** Problem details **
Copy the data that follows exactly. Include no pictures.

** Records for the exercise **
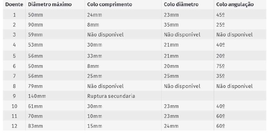 Entre os anos de Outubro de 2015 e Novembro de 2017 foram tratados 12 doentes, 9 (75%) do sexo masculino e 3 (25%) do sexo feminino, submetidos a 12 intervenções cirúrgicas. Os doentes apresentam uma idade média de 71(±8) anos. Na admissão, todos os doentes tinham hipertensão arterial (n=12), 58% doença arterial coronária (n=7), 58% tabagismo atual ou pregresso (n=7), 50% DAOP (n=6), 50% doença renal crónica (n=6), 33% diabetes mellitus (n=4), 25% disritmia cardíaca e/ou história de neoplasia pregressa (n=3). Dois doentes tinham como antecedente ainda doença cerebrovascular (17%). (Tabela 2) Não foi objetivada história familiar de patologia aneurismática.
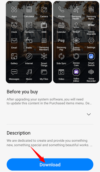 - Kun olet valinnut kuvakepaketin, valitseLadataladata pakkaus puhelimeesi.
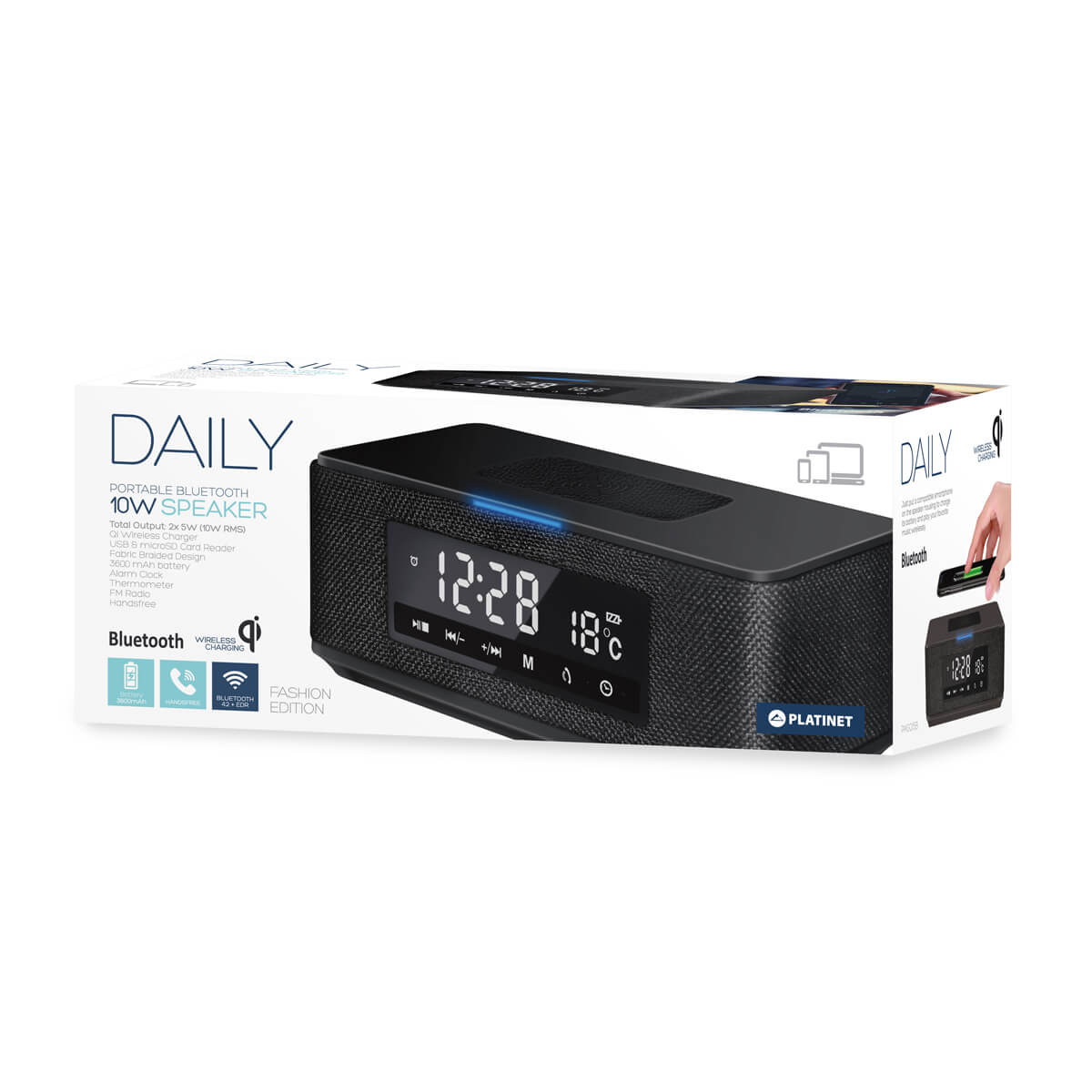 Platinet Speaker Daily PMGQ15B Bluetooth, QI, FM And Clock - безжичен портативен спийкър с FM радио, часовник с аларма и поставка за безжично зареждане (черен)
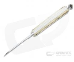 It is always handy to have a keychain knife, especially one as stylish and utilitarian as the #05 from Great Eastern Cutlery. This simple, single blade pen knife has an extended back spring with a hole for attachment of the included split ring and stamped leather lanyard, making this a great choice for fifth pocket carry as well. This version comes with a satin finished stainless steel Sheepsfoot blade and Sambar Stag covers. The blade is marked “PPP” for “Pattern Production Premiere”.
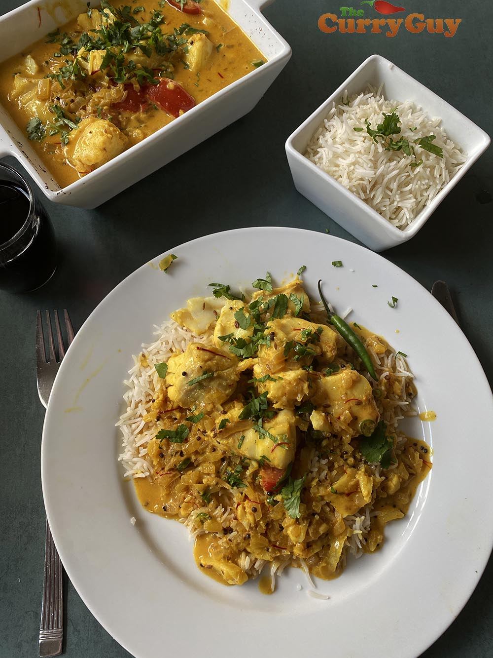 Your curry will still taste very good but I like it with large pieces of cod, drizzled with the sauce on top of a bed of steaming hot Basmati rice.

** Solution to this task **
 Entre os anos de Outubro de 2015 e Novembro de 2017 foram tratados 12 doentes, 9 (75%) do sexo masculino e 3 (25%) do sexo feminino, submetidos a 12 intervenções cirúrgicas. Os doentes apresentam uma idade média de 71(±8) anos. Na admissão, todos os doentes tinham hipertensão arterial (n=12), 58% doença arterial coronária (n=7), 58% tabagismo atual ou pregresso (n=7), 50% DAOP (n=6), 50% doença renal crónica (n=6), 33% diabetes mellitus (n=4), 25% disritmia cardíaca e/ou história de neoplasia pregressa (n=3). Dois doentes tinham como antecedente ainda doença cerebrovascular (17%). (Tabela 2) Não foi objetivada história familiar de patologia aneurismática.
 - Kun olet valinnut kuvakepaketin, valitseLadataladata pakkaus puhelimeesi.
 Platinet Speaker Daily PMGQ15B Bluetooth, QI, FM And Clock - безжичен портативен спийкър с FM радио, часовник с аларма и поставка за безжично зареждане (черен)
 It is always handy to have a keychain knife, especially one as stylish and utilitarian as the #05 from Great Eastern Cutlery. This simple, single blade pen knife has an extended back spring with a hole for attachment of the included split ring and stamped leather lanyard, making this a great choice for fifth pocket carry as well. This version comes with a satin finished stainless steel Sheepsfoot blade and Sambar Stag covers. The blade is marked “PPP” for “Pattern Production Premiere”.
 Your curry will still taste very good but I like it with large pieces of cod, drizzled with the sauce on top of a bed of steaming hot Basmati rice.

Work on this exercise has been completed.